From a Hand-Rolled Queue to Bull: Redesigning the Judge Pipeline

baka_mashiroAbout 7 min

The submission pipeline is the critical path of an Online Judge. A student submits code, it goes into a queue, a worker picks it up, sends it to the judge, waits for results, writes them back. Simple in theory. The original Leverage implementation was a custom queue built on Redis Lists — and it had problems that only showed up when things went sideways.

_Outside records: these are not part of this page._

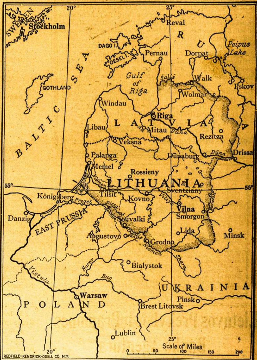
Zemlapis iš kun. A. Jusaičio knygos.

Butų geistina, kad patriotiški mūsų tautiečiai padėtų praplatinti tą knygą ypač Amerikoje terp Valstijų valdininkų (state officials) ir miestų knygynų.
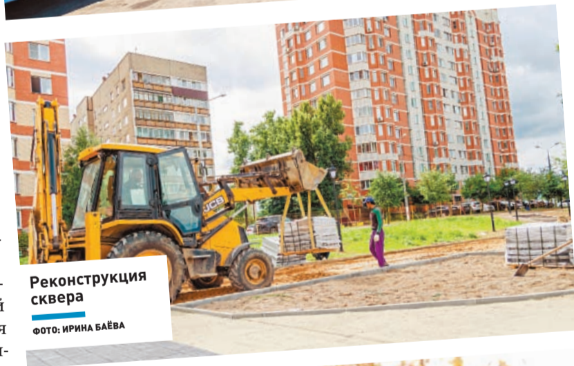
Реконструкция сквера
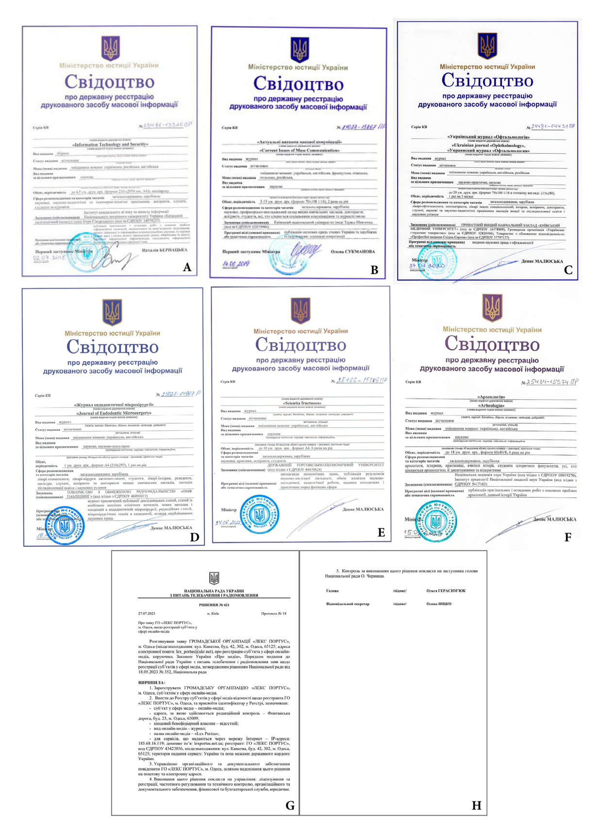
FIGURE 10. Certificates of state registration of the print mass media, the print peer-reviewed journals, from July 2018 to February 2023 ( A – F ) and Decision of state registration of the online media, online version of the print peer-reviewed journal, in July 2023 ( G and H ).

This post is about why we replaced it, what the replacement looks like, and a specific edge case around message delivery that forced us to think carefully about failure modes.

The Original Queue

The original code had a custom Queue<T> class backed by Redis List operations:

// original queue.ts — conceptually similar to this
class Queue<T> {
  constructor(private readonly redis: Redis, private readonly key: string) {}

  async push(item: T): Promise<void> {
    await this.redis.lpush(this.key, JSON.stringify(item))
  }

  async pop(): Promise<T | null> {
    const result = await this.redis.brpop(this.key, 0) // blocking pop, 0 = wait forever
    if (!result) return null
    return JSON.parse(result[1]) as T
  }
}

LPUSH to enqueue, BRPOP to dequeue with blocking wait. This is a textbook Redis queue implementation. Redis guarantees that BRPOP is atomic — only one worker gets each item — so in theory, you have a working distributed queue.

In theory.

The Problems

No retries. If the worker received a job and then crashed — network hiccup, OOM kill, unhandled exception — the job was gone. BRPOP removes the item from the list when it returns. If your process dies after the pop but before the work completes, the job disappears. There's no visibility into this: no failure counter, no dead-letter queue, no alert. The student's submission just never comes back with a result.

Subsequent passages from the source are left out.